AFFIRMED in part, REVERSED in part and remanded with directions that appellant be awarded reasonable attorney's fees and costs only as to the count on which she prevailed.
SMITH, C.J., and BOOTH, J., concur.
[1] The wrongful death and survival statutes create distinct causes of action. The Wrongful Death Act, Sections 768.16-768.27, Florida Statutes, terminates a party's right to bring an action for personal injury if the personal injury to the decedent results in his death.

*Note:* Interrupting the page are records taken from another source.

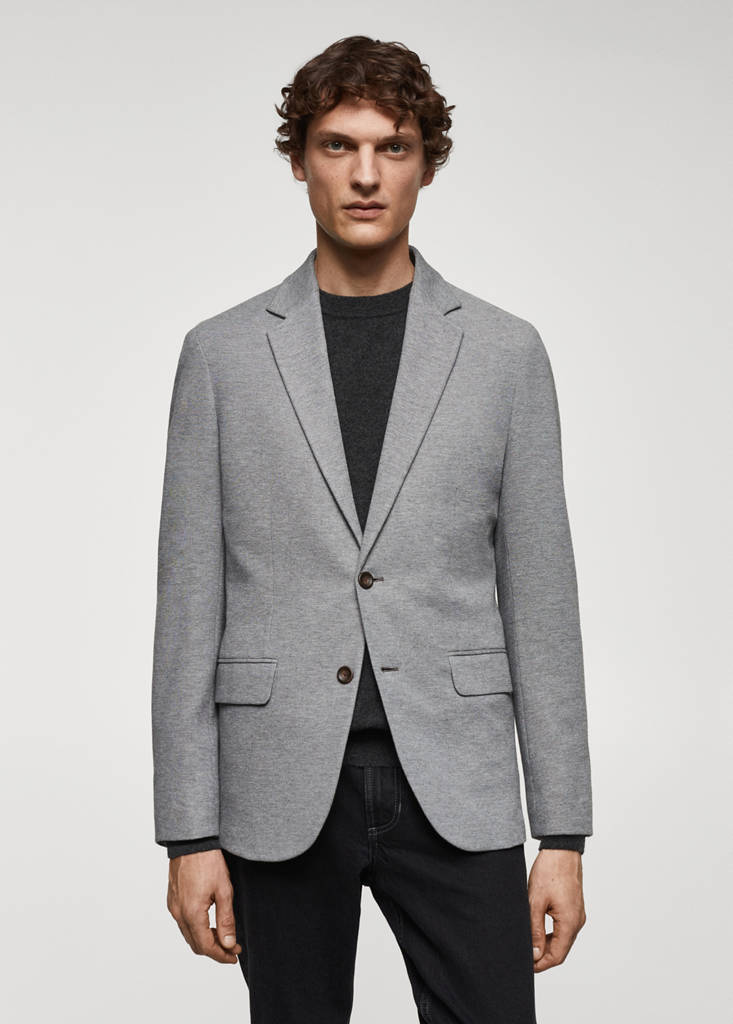 The color black is exclusive online. Slim fit. Cotton fabric. Cotton twill structure. Lightweight fabric. Notched lapel collar. Two patch pockets on the front. Long sleeves with buttoned cuffs. Straight hem. Double back slit. Interior pocket with button closure. Inner lining at the front. Front button closure
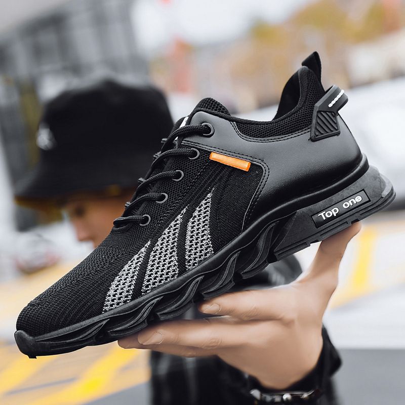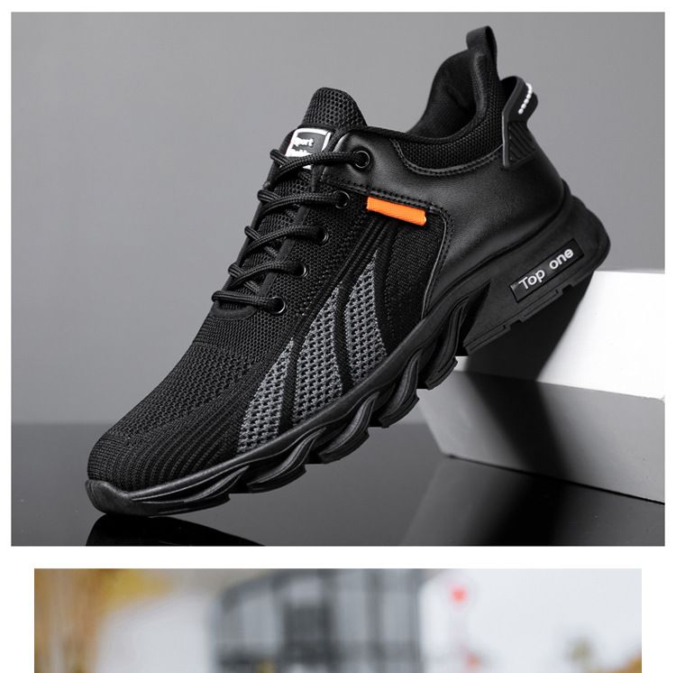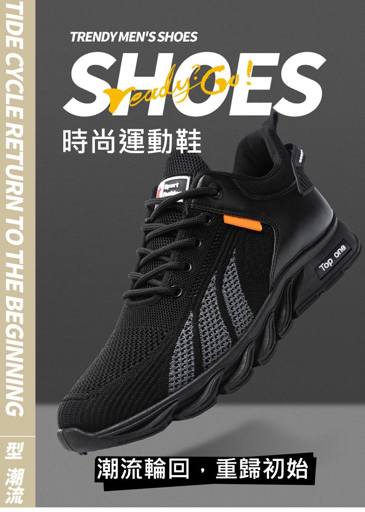 【高顏實力派】柔韌有型新款男士飛織運動軟底鞋【黑色】一雙
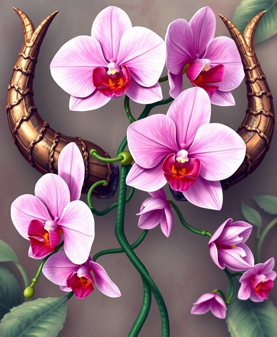 Transform your space with the captivating beauty of the Orchids Entwining Antique Horns Paint By Numbers. This extraordinary design blends tropical elegance with mystical charm. Furthermore, each brushstroke reveals intricate details that bring exotic flora to life.
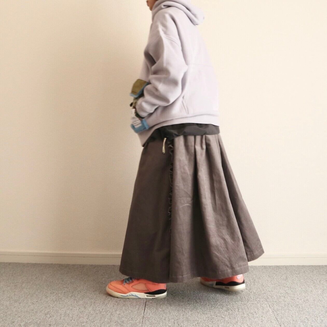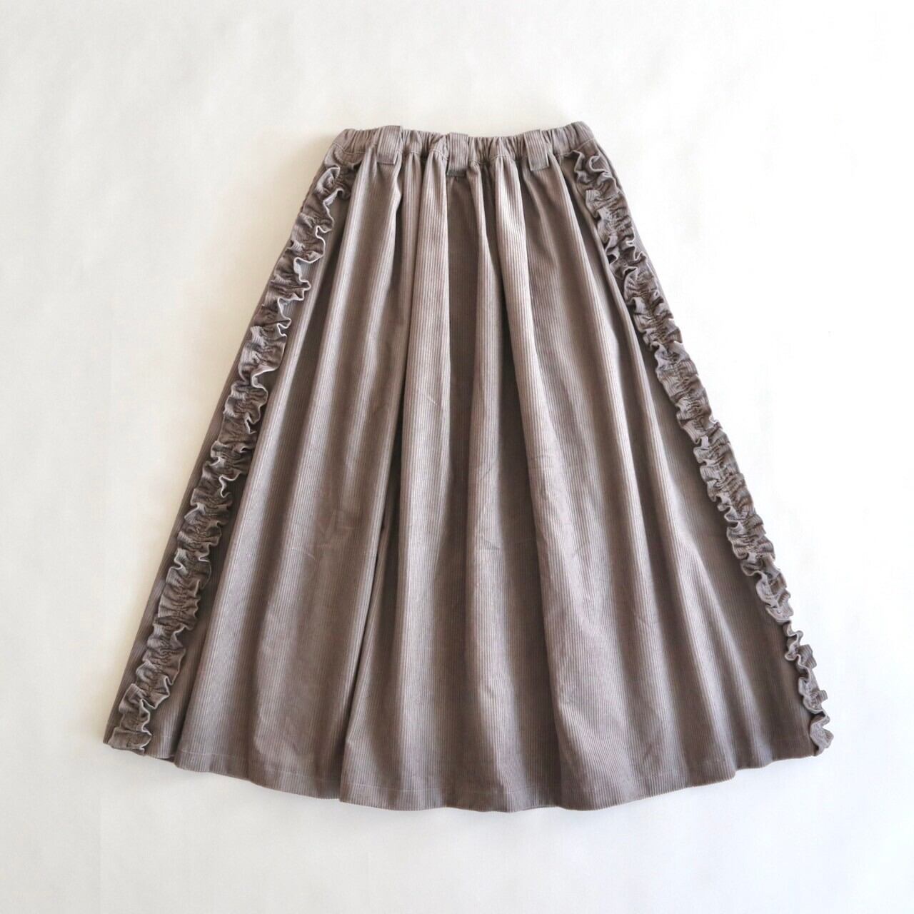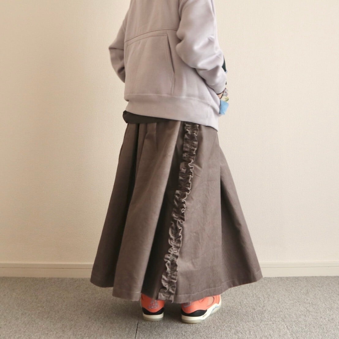 コーデュロイ生地をたっぷり使っているので暖かみのあるスカートです。
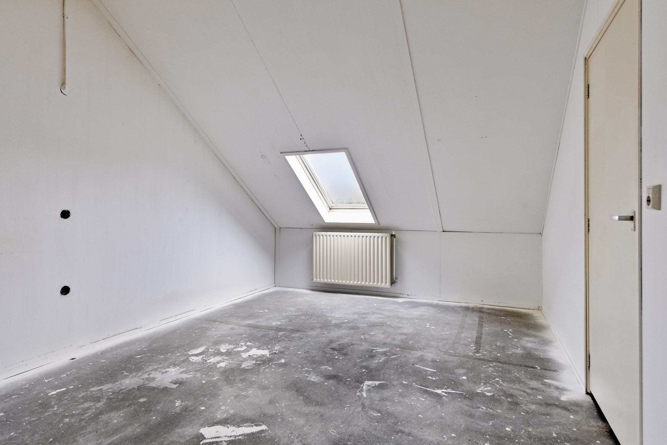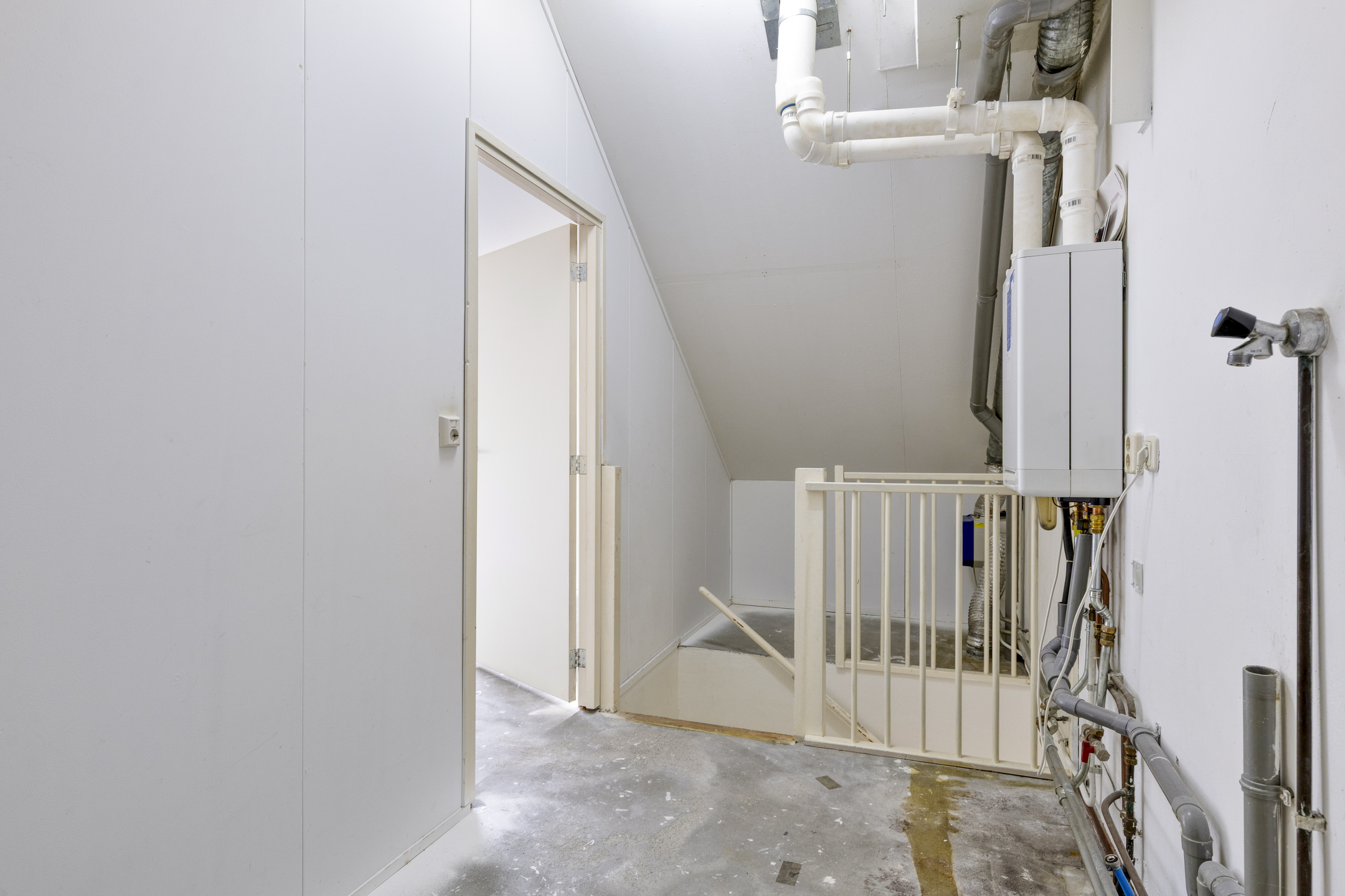 Een vaste trap leidt naar de tweede verdieping waar met gemak 2 slaapkamers te realiseren zijn al dan niet met een dakkapel. Nu is er een dakraam aanwezig voor natuurlijk licht. Op deze verdieping bevinden zich tevens de cv-ketel en wasmachineaansluiting.
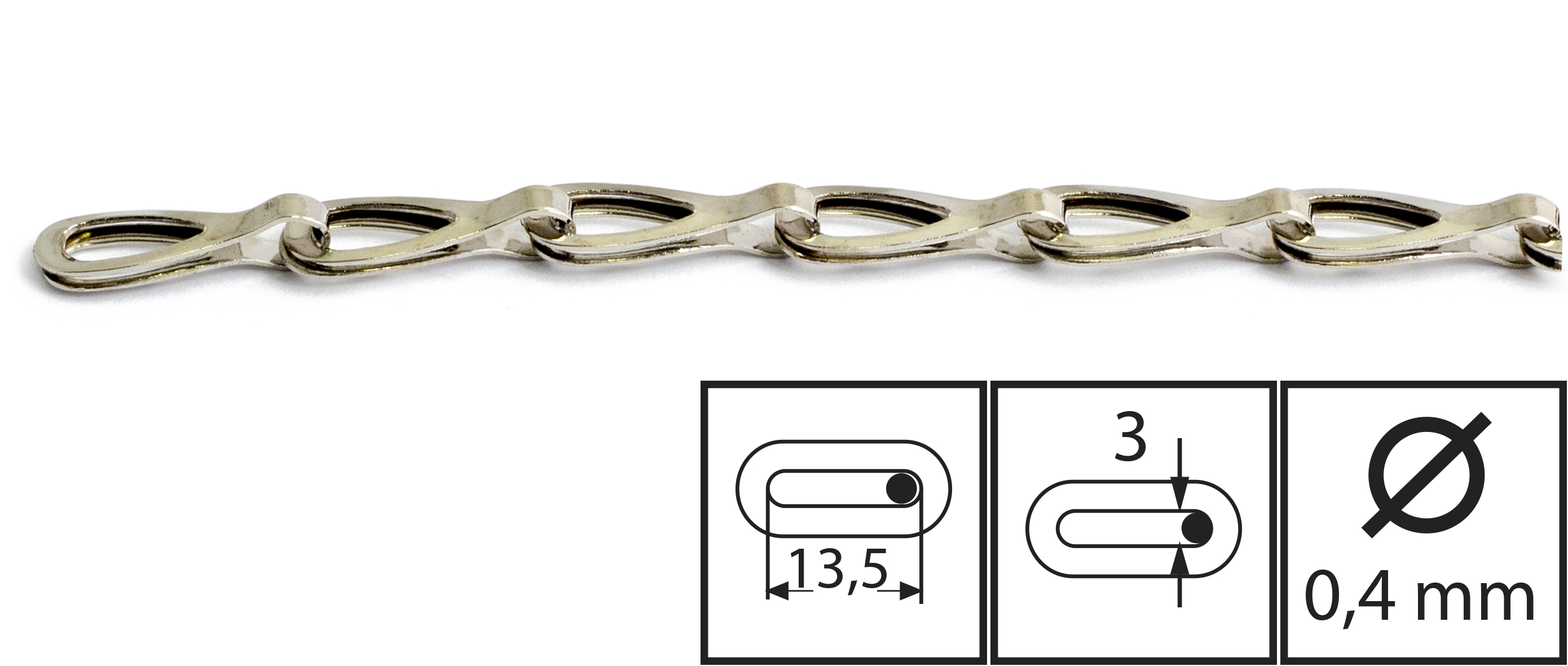 Kedja i mässing 0,4 mm. - beräknad maxvikt: 21 kg- längd: 2 m
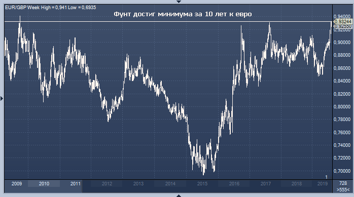 Фунт упал до 10-летнего минимума по отношению к евро рано утром в понедельник, так как трейдеры в Азии отреагировали на отчет, в котором говорится, что парламентарии могут оказаться неспособны предотвратить Brexit без сделки, или так называемый жесткий вариант развода. По данным Bloomberg, стерлинг достиг внутридневного минимума в 1.0724 фунта за евро сразу после полуночи.
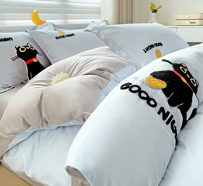 娜娜 2024新款全棉亲肤舒适毛巾绣卡通系列四件套 可爱猫咪-天空蓝
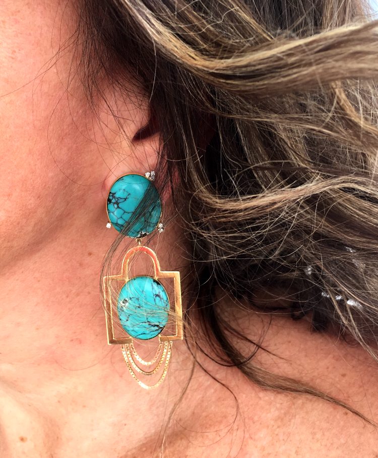 Penso igual à Nina. Nessa semana de calor de alto verão, introduzi ainda mais 2 pulseiras no kit ( uma da Colômbia e outra de resina imitando pó de ouro de alguma H&M mundo afora – adoro! ) e mantive o mesmo brinco de turquesa. É bacana usar essas coisas que você coleciona durante a vida! Peças de viagem, além de serem sempre lindas e diferentes, ainda carregam elementos emocionais que nos deixam felizes sempre que as usamos. O verão pede! E os looks agradecem! A gente usa as mesmas roupas de sempre com uma nova cara, trocando apenas os acessórios!
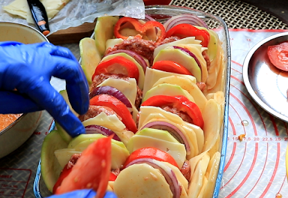 U podmazan pleh redjati povrće a izmedju faširane i kačkavalj. Još malo pouljiti. Peći na 200 stepeni C oko 50 min da lepo zarumeniz krompir predlažem finu bakinu supu link recept za supu.. Prijatno dragi moji…
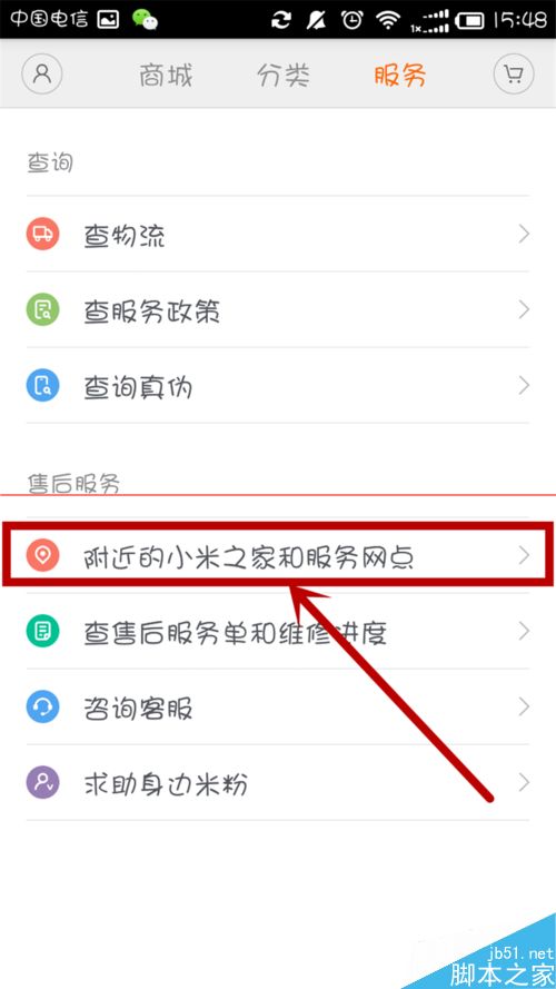 2、選擇售後服務的第一項“附近的小米之家和服務網點”,然後點擊打開!
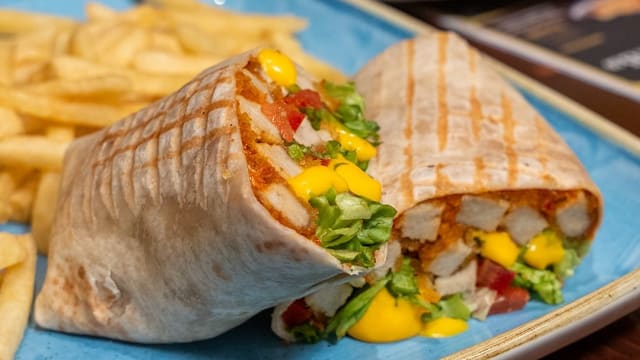 Tortilla di grano farcita con cotoletta di pollo* panata, crema di pomodori secchi, scaglie di parmigiano reggiano DOP, insalata e salsa OWW.
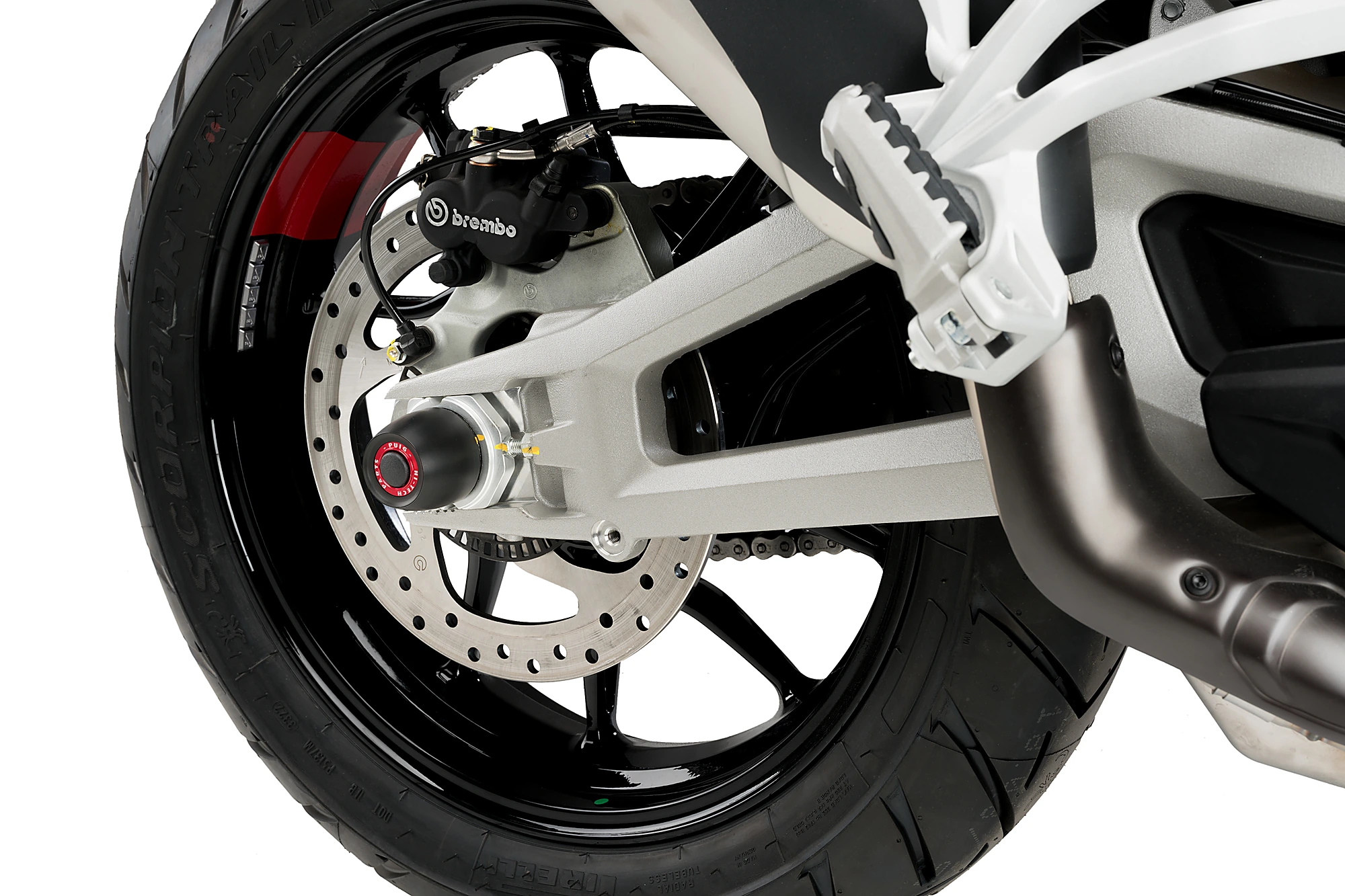 Junto al protector del basculante Puig sirve los tapones con acabado color negro.

Section 768.20 specifically states in part: "When a personal injury to the decedent results in his death, no action for the personal injury shall survive, and any such action pending at the time of death shall abate." The survival statute, section 46.021, states that causes of action do not die with the person. Under modern rules of pleading it is acceptable to plead the mutually exclusive causes of action of the survival statute and the wrongful death statute. See Smith v. Lusk, 356 So. 2d 1309 (Fla.2d DCA 1978). Failure to plead the alternative negligence claim under the survival act, when filing a wrongful death action, could make future litigation exceedingly difficult due to collateral estoppel or estoppel by judgment.
[2] The major distinction between Hendry Tractor Co. and the instant case is that while the remedies of wrongful death and the survival statute are mutually exclusive, the different theories of recovery in a products liability case are complementary and should be "presented together in order to address all pertinent issues." 432 So.2d at 1317.